Using an array in the sizeof operator as an expression does not convert the expression to the pointer to the first element of the array.

Thus you will get output 600.

However if you would write

sizeof( *matrix3d + 0)

then indeed *matrix3d having type char[20][30] will be converted in the expression *matrix3d + 0 implicitly to pointer of type char ( * )[30] and the corresponding printf statement will output 8,

As for the function parameter and its argument then they are implicitly converted to type char ( * )[20][30]

So for example these function declarations are equivalent

void checkSizes(char matrix3d[10][20][30]);
void checkSizes(char ( *matrix3d )[20][30]);

and declare the same one function.

Answer 2

First you need to know that sizeof is an operator and not a function. Arrays do not convert to pointer to its first element when it is an operand of sizeof or unary & operator.

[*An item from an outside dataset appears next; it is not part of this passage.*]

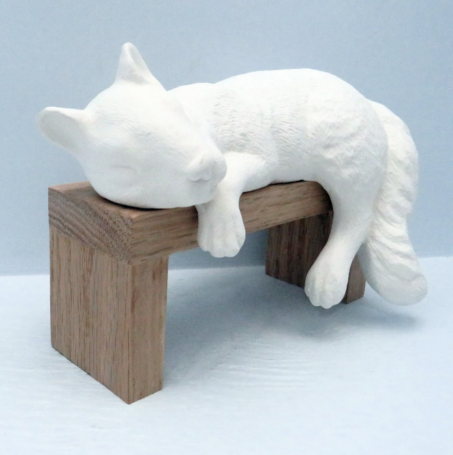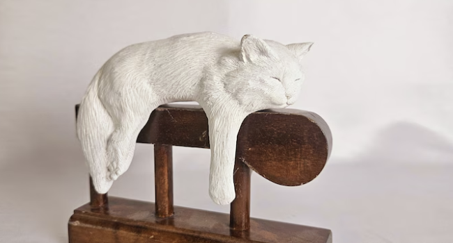 There is one such item that will almost always trigger that memory for many people and that is the vintage ceramic white sleeping cat statue on a wooden rail. If you were born in the 50s, 60s, 70s or 80s you may have noticed such items placed on the mantle or a side table. It was not only about the appearance; these personagens looked like they are soothing and in harmony with the world which was slower in those days.

In function checkSizes, the parameter matrix3d is of type pointer to an array of 20 arrays of 30 chars . Since it is a pointer, the statement

printf ("%lu\t", sizeof(matrix3d));  

will print the size of a pointer.
Dereferencing the pointer matrix3d will give its first element. Its first element is an array of 20 arrays of 30 chars. sizeof(*matrix3d) will return size of array char[20][30] which is 600 Bytes. sizeof(*matrix3d) is equivalent to sizeof(matrix3d[0]).

The type of **matrix3d is an array of 30 chars, sizeof(**matrix3d) will print 30 Bytes.
The type of ***matrix3d is achar, sizeof(***matrix3d) will print 1 Byte.